| Exercise goal |
For this exercise, write each entry below out precisely and omit the pictures.

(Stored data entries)
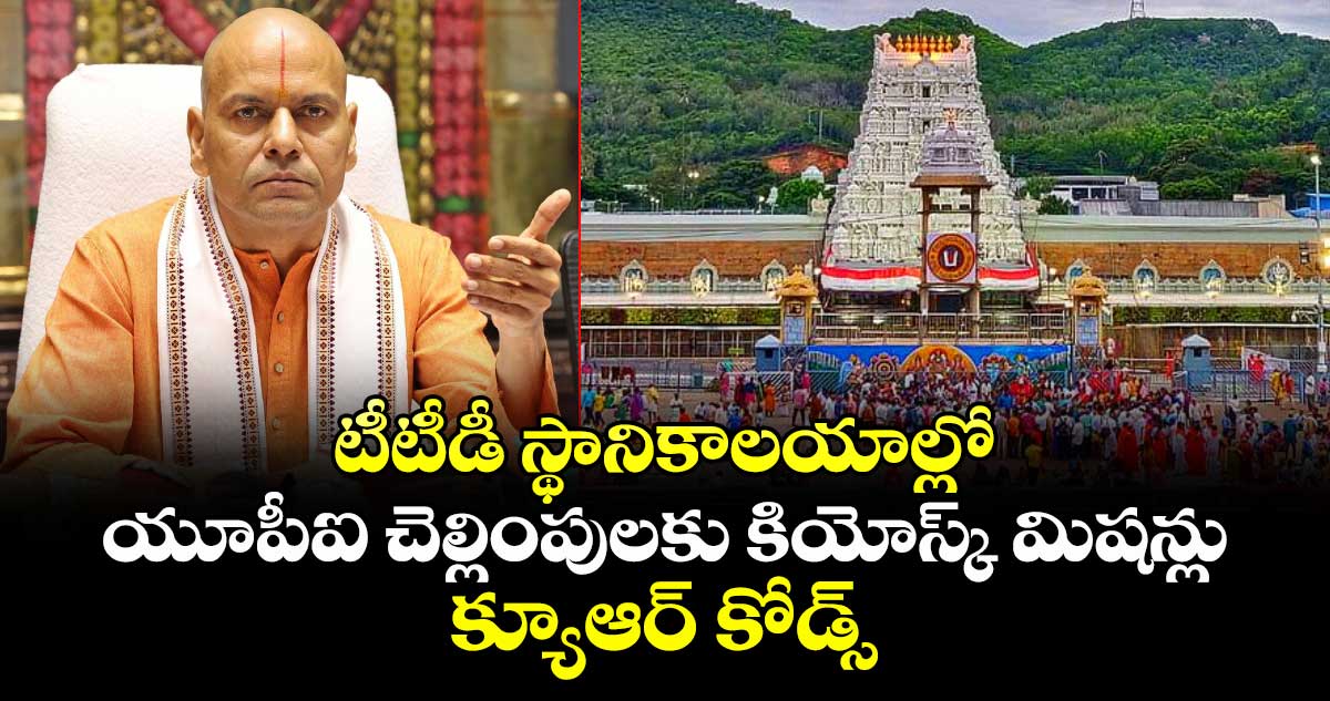 తిరుపతి: దేశవ్యాప్తం ఉన్న 60 టీటీడీ ఆలయాల్లో భక్తులు సులభతరంగా యూపీఐ పేమెంట్లు చేసేందుకు వీలుగా కియోస్క్ మిషన్లు, క్యూఆర్ కోడ్స్ ఏర్పాటు చేయాలని అధికారులను టీటీడీ ఈవో అనిల్ కుమార్ సింఘాల్ ఆదేశించారు. తిరుపతిలోని టీటీడీ పరిపాలనా భవనంలోని ఆయన కార్యాలయంలో సోమవారం (డిసెంబర్ 15) ఉదయం సీనియర్ అధికారులతో ఈవో సమీక్షా సమావేశం నిర్వహించారు.
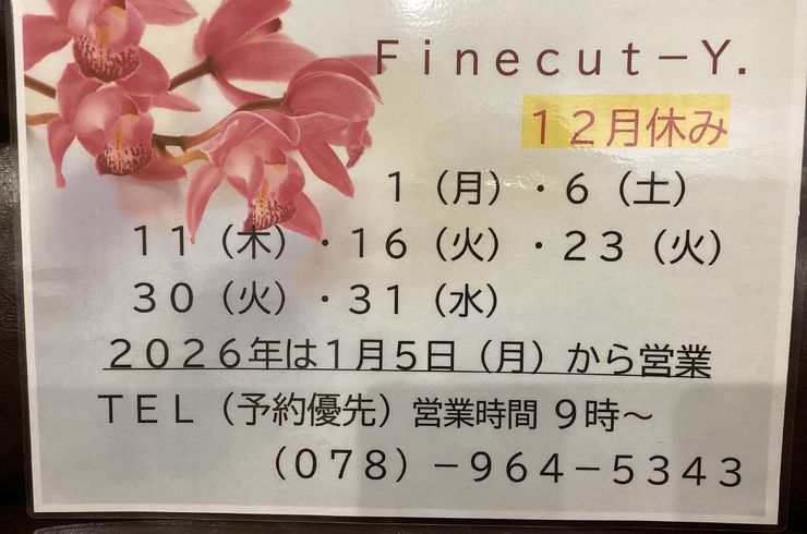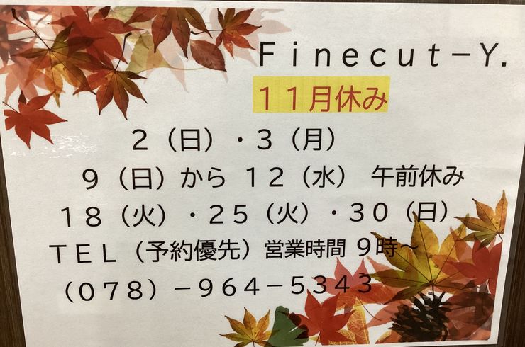 明石の美容室Fine cut-Y.日常の様子をブログにて配信中
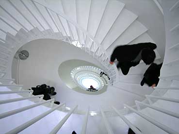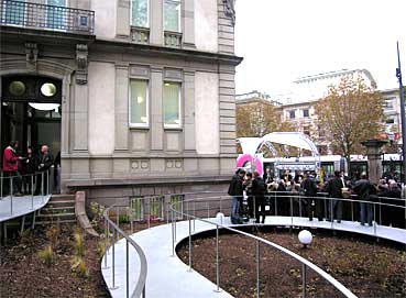 Das Publikum kann nicht schnurstracks den Eingang betreten, sondern muss ihn über eine lange Rampe in Schlangenlinie erreichen. Ein witziges Detail und eine der Abertausenden von Ideen Tomis.
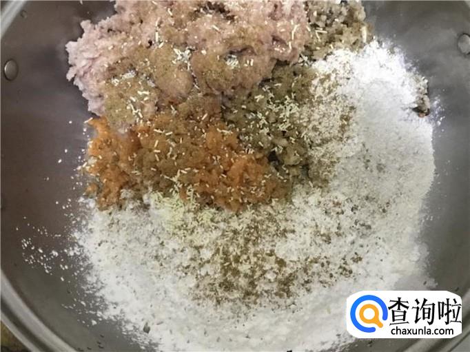 搅拌均匀。接着将猪肉洗好,切成块状,然后放入绞肉机中绞碎,接着倒出来,然后和红萝卜、香菇、蒜头和地瓜粉,放入适量的水,再加入盐、鸡精、花椒粉,搅拌均匀即可。
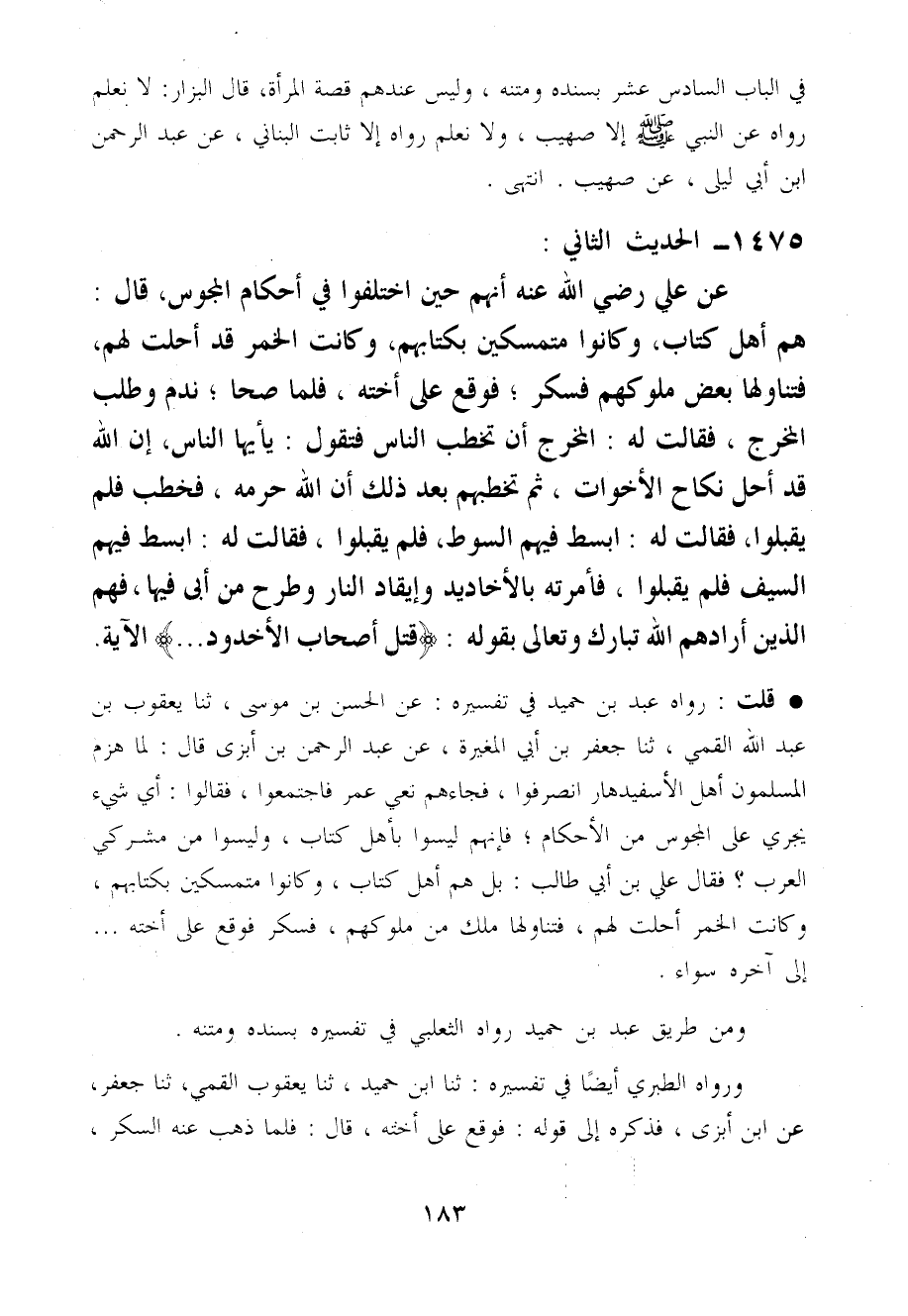 قلت رَوَاهُ عبد بن حميد فِي تَفْسِيره عَن الْحسن بن مُوسَى ثَنَا يَعْقُوب بن عبد الله القمي ثَنَا جَعْفَر بن أبي الْمُغيرَة عَن عبد الرَّحْمَن بن أَبْزَى قَالَ لما هزم الْمُسلمُونَ أهل الأسفيدهار انصرفوا فَجَاءَهُمْ نعي عمر فَاجْتمعُوا فَقَالُوا أَي شَيْء يجْرِي عَلَى الْمَجُوس من الْأَحْكَام فَإِنَّهُم لَيْسُوا بِأَهْل كتاب وَلَيْسوا من مُشْركي الْعَرَب فَقَالَ عَلّي بن أبي طَالب بل هم أهل كتاب وَكَانُوا مُتَمَسِّكِينَ بِكِتَابِهِمْ وَكَانَت الْخمر أحلّت لَهُم فَتَنَاولهَا ملك من مُلُوكهمْ فَسَكِرَ فَوَقع عَلَى أُخْته ... إِلَى آخِره سَوَاء

| Task solution |
 తిరుపతి: దేశవ్యాప్తం ఉన్న 60 టీటీడీ ఆలయాల్లో భక్తులు సులభతరంగా యూపీఐ పేమెంట్లు చేసేందుకు వీలుగా కియోస్క్ మిషన్లు, క్యూఆర్ కోడ్స్ ఏర్పాటు చేయాలని అధికారులను టీటీడీ ఈవో అనిల్ కుమార్ సింఘాల్ ఆదేశించారు. తిరుపతిలోని టీటీడీ పరిపాలనా భవనంలోని ఆయన కార్యాలయంలో సోమవారం (డిసెంబర్ 15) ఉదయం సీనియర్ అధికారులతో ఈవో సమీక్షా సమావేశం నిర్వహించారు.
 明石の美容室Fine cut-Y.日常の様子をブログにて配信中
 Das Publikum kann nicht schnurstracks den Eingang betreten, sondern muss ihn über eine lange Rampe in Schlangenlinie erreichen. Ein witziges Detail und eine der Abertausenden von Ideen Tomis.
 搅拌均匀。接着将猪肉洗好,切成块状,然后放入绞肉机中绞碎,接着倒出来,然后和红萝卜、香菇、蒜头和地瓜粉,放入适量的水,再加入盐、鸡精、花椒粉,搅拌均匀即可。
 قلت رَوَاهُ عبد بن حميد فِي تَفْسِيره عَن الْحسن بن مُوسَى ثَنَا يَعْقُوب بن عبد الله القمي ثَنَا جَعْفَر بن أبي الْمُغيرَة عَن عبد الرَّحْمَن بن أَبْزَى قَالَ لما هزم الْمُسلمُونَ أهل الأسفيدهار انصرفوا فَجَاءَهُمْ نعي عمر فَاجْتمعُوا فَقَالُوا أَي شَيْء يجْرِي عَلَى الْمَجُوس من الْأَحْكَام فَإِنَّهُم لَيْسُوا بِأَهْل كتاب وَلَيْسوا من مُشْركي الْعَرَب فَقَالَ عَلّي بن أبي طَالب بل هم أهل كتاب وَكَانُوا مُتَمَسِّكِينَ بِكِتَابِهِمْ وَكَانَت الْخمر أحلّت لَهُم فَتَنَاولهَا ملك من مُلُوكهمْ فَسَكِرَ فَوَقع عَلَى أُخْته ... إِلَى آخِره سَوَاء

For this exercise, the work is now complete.